Data =
^^^^^^^^^^^^^^^^
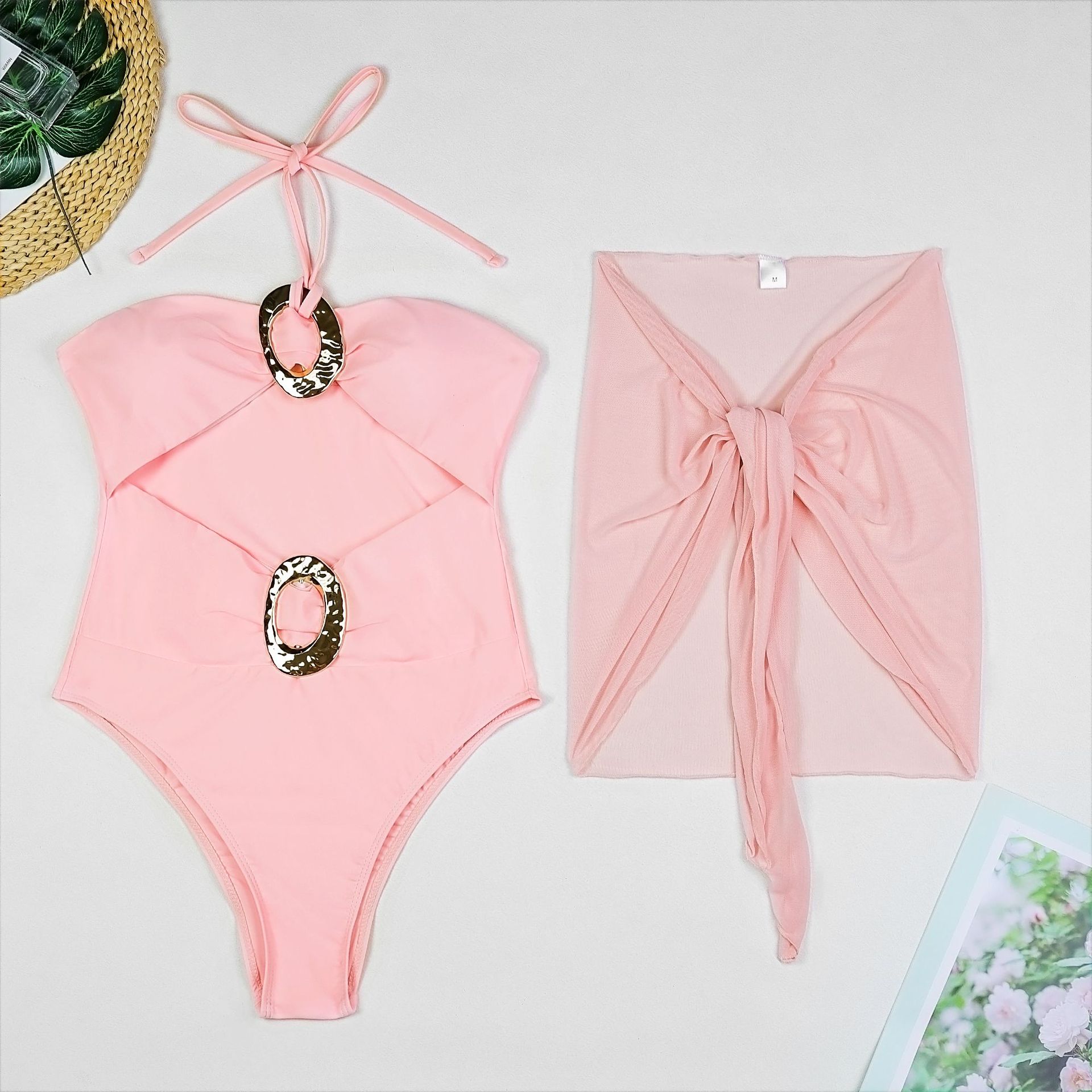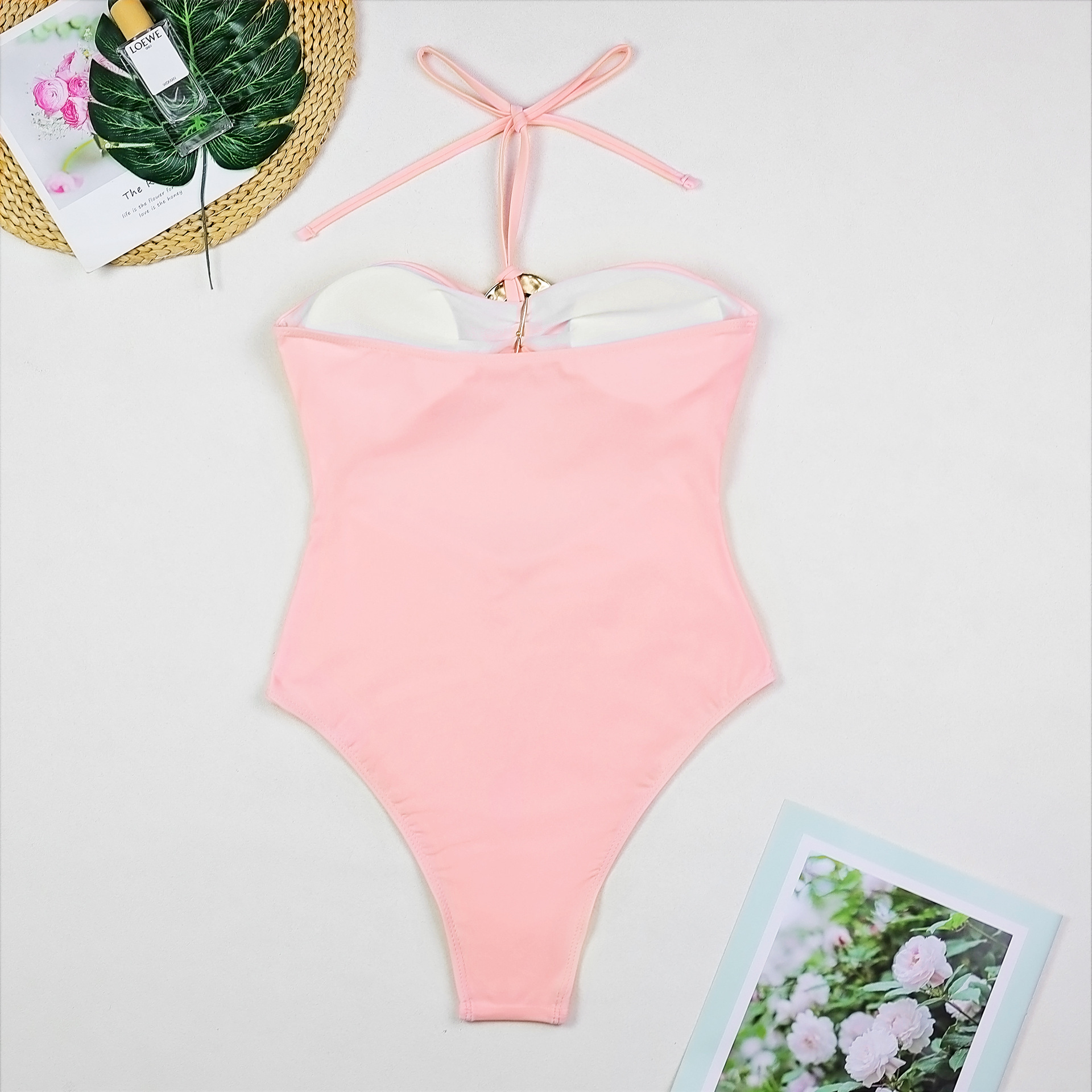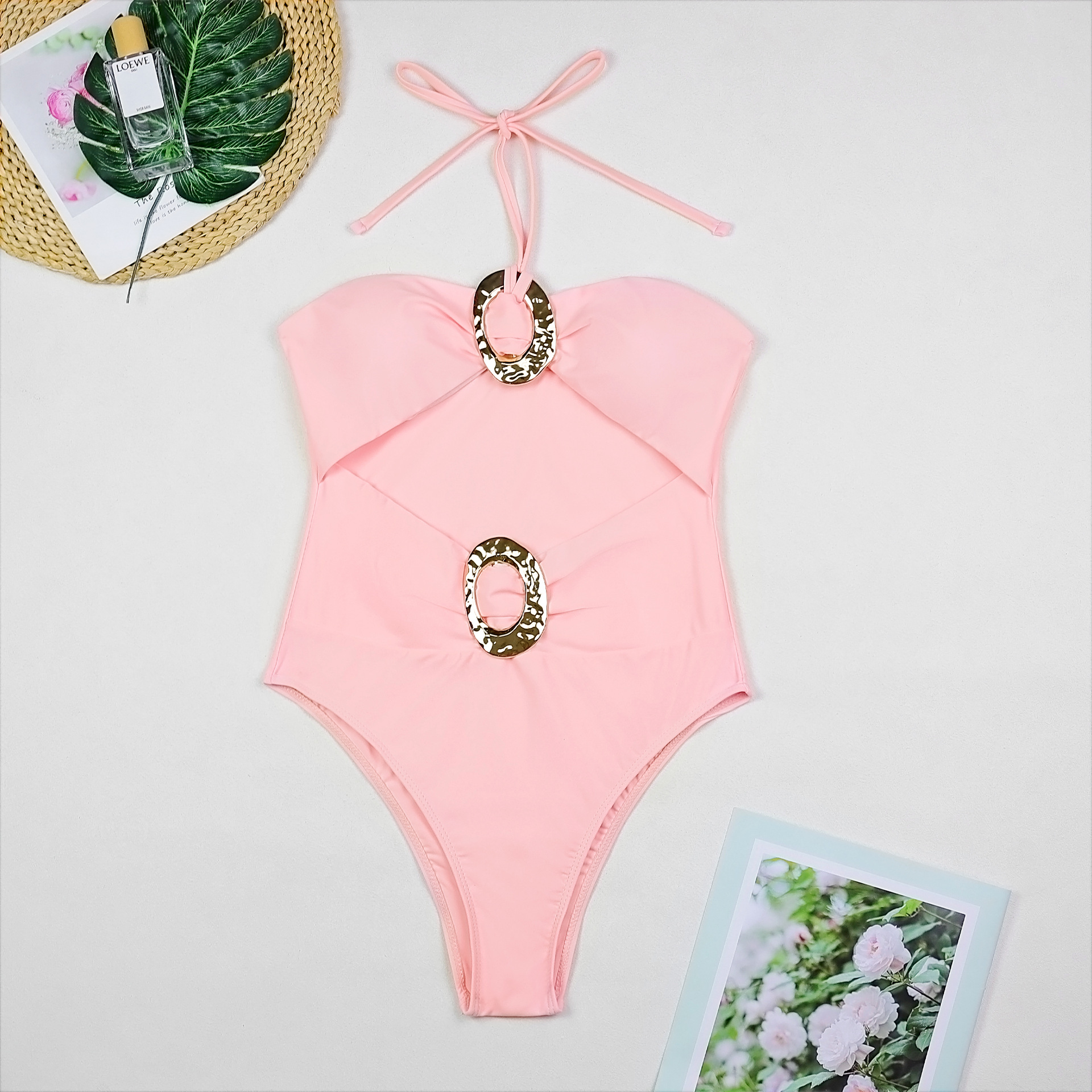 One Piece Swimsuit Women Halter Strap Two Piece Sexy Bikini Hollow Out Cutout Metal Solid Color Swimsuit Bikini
^^^^^^^^^^^^^^^^
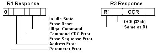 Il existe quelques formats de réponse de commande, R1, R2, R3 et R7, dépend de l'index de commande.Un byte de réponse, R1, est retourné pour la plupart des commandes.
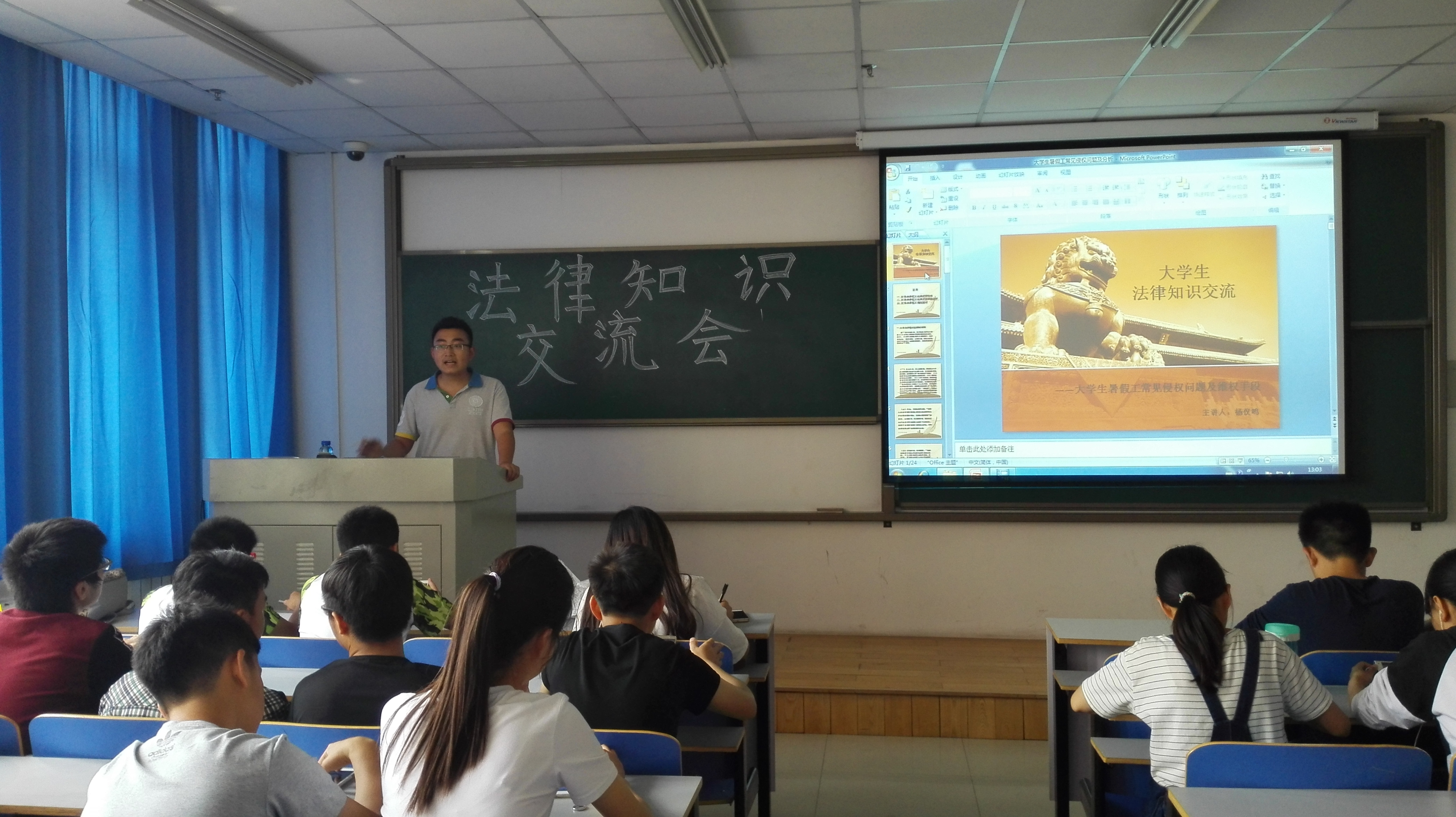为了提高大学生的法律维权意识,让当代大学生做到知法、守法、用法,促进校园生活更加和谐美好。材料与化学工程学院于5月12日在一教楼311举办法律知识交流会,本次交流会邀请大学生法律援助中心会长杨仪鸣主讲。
^^^^^^^^^^^^^^^^
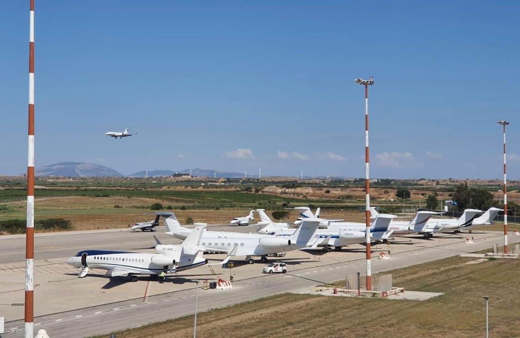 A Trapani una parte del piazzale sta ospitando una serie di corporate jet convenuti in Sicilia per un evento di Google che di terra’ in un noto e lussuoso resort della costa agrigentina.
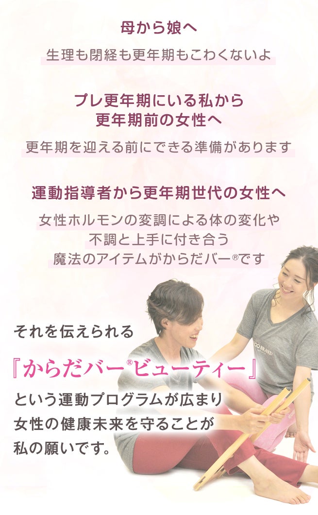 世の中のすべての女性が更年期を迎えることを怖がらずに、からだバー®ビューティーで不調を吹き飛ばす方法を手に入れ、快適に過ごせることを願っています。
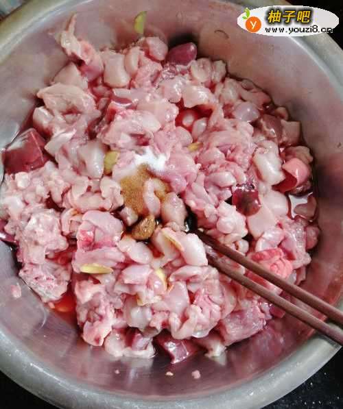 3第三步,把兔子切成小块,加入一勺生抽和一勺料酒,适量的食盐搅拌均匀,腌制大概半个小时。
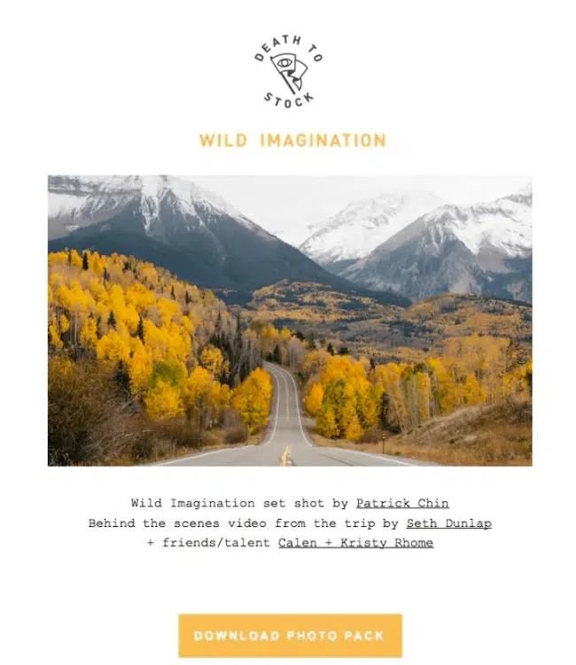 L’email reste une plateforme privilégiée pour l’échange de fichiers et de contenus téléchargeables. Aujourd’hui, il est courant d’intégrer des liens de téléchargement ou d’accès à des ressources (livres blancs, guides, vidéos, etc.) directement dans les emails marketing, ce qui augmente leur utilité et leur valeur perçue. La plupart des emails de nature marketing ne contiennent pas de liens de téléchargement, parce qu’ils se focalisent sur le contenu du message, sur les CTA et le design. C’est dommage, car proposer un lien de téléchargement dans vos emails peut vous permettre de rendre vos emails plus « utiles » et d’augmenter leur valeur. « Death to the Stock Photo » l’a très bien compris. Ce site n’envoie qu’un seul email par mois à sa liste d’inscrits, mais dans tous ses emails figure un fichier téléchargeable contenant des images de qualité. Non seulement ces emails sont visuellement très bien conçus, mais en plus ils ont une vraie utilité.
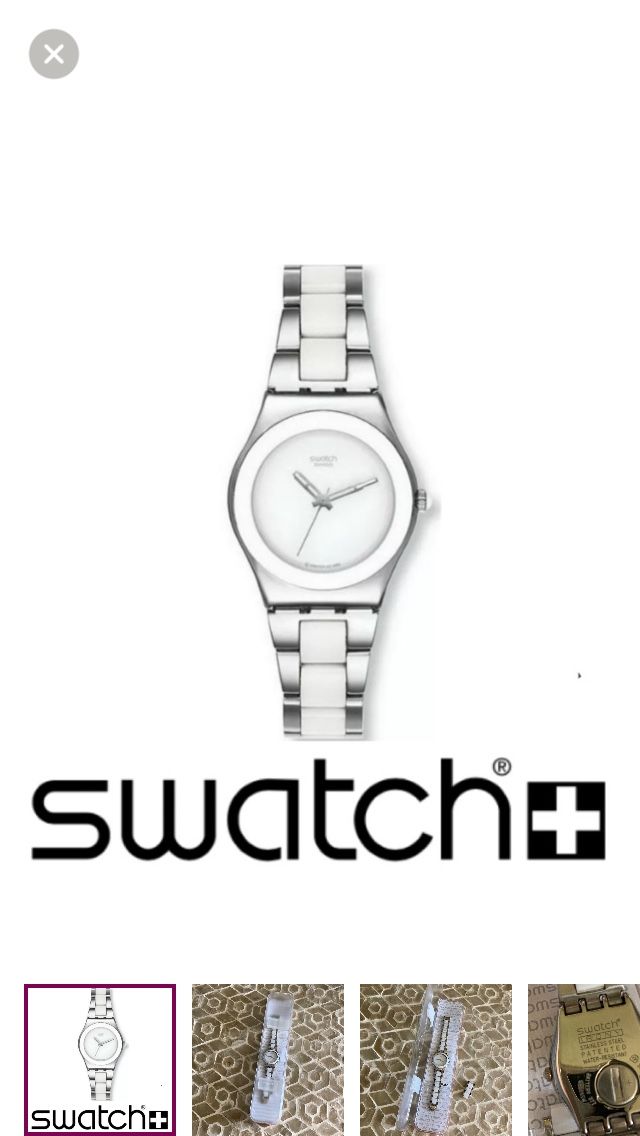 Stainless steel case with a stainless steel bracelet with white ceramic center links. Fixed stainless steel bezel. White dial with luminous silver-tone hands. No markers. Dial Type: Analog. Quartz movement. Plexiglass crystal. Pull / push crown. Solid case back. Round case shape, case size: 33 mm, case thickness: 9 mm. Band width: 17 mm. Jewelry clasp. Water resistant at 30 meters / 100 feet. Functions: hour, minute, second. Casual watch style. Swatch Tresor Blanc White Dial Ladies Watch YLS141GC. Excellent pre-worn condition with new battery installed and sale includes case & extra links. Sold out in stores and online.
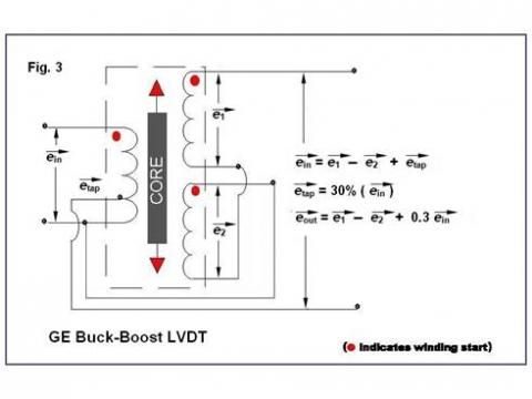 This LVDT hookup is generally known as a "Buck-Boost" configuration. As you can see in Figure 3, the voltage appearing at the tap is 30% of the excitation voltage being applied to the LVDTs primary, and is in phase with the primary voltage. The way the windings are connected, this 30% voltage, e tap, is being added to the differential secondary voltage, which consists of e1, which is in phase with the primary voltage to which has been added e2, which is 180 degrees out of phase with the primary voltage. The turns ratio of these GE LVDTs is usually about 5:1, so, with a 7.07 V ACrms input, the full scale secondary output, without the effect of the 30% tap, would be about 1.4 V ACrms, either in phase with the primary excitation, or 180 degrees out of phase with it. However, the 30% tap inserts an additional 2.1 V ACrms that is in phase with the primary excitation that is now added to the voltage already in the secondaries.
^^^^^^^^^^^^^^^^
Task objective =
Range to copy from the records above: the line containing "3第三步,把兔子切成小块,加" to the line containing "L’email reste une", both included. Output those lines exactly and only those, skipping pictures.

Task answer =
 3第三步,把兔子切成小块,加入一勺生抽和一勺料酒,适量的食盐搅拌均匀,腌制大概半个小时。
 L’email reste une plateforme privilégiée pour l’échange de fichiers et de contenus téléchargeables. Aujourd’hui, il est courant d’intégrer des liens de téléchargement ou d’accès à des ressources (livres blancs, guides, vidéos, etc.) directement dans les emails marketing, ce qui augmente leur utilité et leur valeur perçue. La plupart des emails de nature marketing ne contiennent pas de liens de téléchargement, parce qu’ils se focalisent sur le contenu du message, sur les CTA et le design. C’est dommage, car proposer un lien de téléchargement dans vos emails peut vous permettre de rendre vos emails plus « utiles » et d’augmenter leur valeur. « Death to the Stock Photo » l’a très bien compris. Ce site n’envoie qu’un seul email par mois à sa liste d’inscrits, mais dans tous ses emails figure un fichier téléchargeable contenant des images de qualité. Non seulement ces emails sont visuellement très bien conçus, mais en plus ils ont une vraie utilité.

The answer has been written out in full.